Yahoo Lab Machine Learning Dataset: Info From 20M Users Now Available to Researchers

A billboard for the technology company Yahoo is seen August 5, 2015 in Washington, D.C. (Karen Bleier/AFP/Getty Images)
By Clyde HughesFriday, 15 Jan 2016 11:00 AM





Yahoo revealed Thursday that it is making its Yahoo Lab machine learning dataset available for academic research through the lab's Webscope program, Tech Crunch reported Thursday.

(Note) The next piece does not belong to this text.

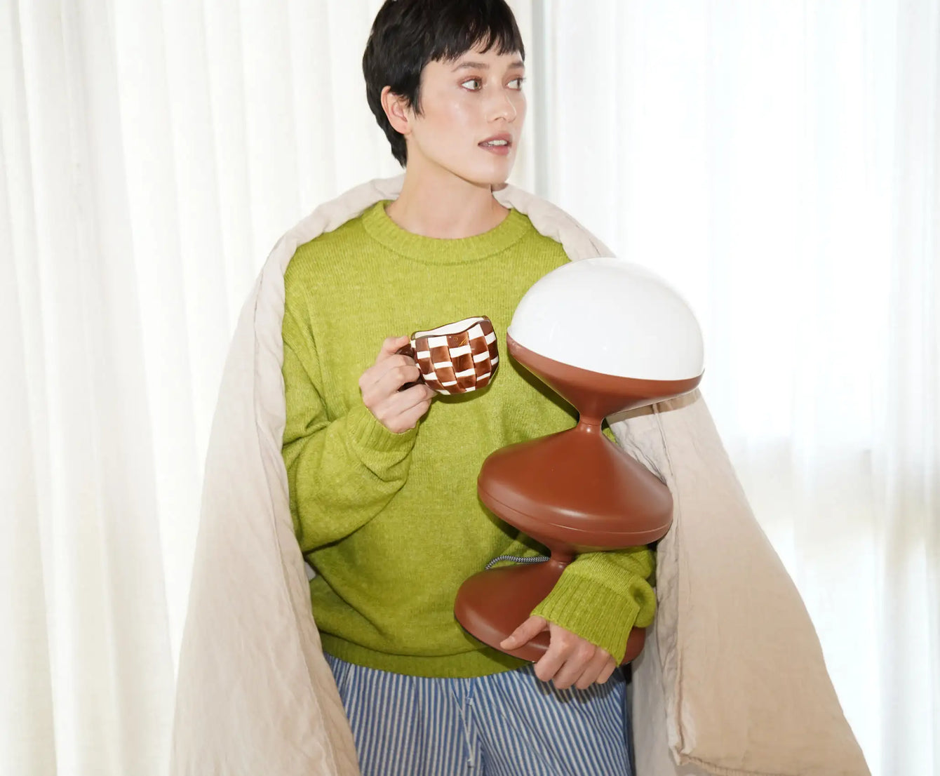 For Studio 54 Style, look no further than the Brandon Lighting Range. It's playful waved base in a matte rust red makes for a true statement piece, oozing 60s style. With curved opaque shade and a dimmer switch, you can easily set the mood in style...

The dataset is about 13.5 terabytes and holds the interactions of roughly 20 million users from February 2015 through May 2015, including those happening on Yahoo's homepage along with Yahoo News, Yahoo Sports, Yahoo Finance, and Yahoo Real Estate, according to Tech Crunch.
"Data is the lifeblood of research in machine learning," Suju Rajan, Yahoo's director of personalization science at Yahoo Labs, said in a statement. "However, access to truly large-scale datasets is a privilege that has been traditionally reserved for machine learning researchers and data scientists working at large companies — and out of reach for most academic researchers."

The dataset also contains demographic information such as age range, gender, and generalized geographic data. Items in the dataset include title, summary, and key phrases of the news article in question, local timestamps, and some device information, the tech website noted. 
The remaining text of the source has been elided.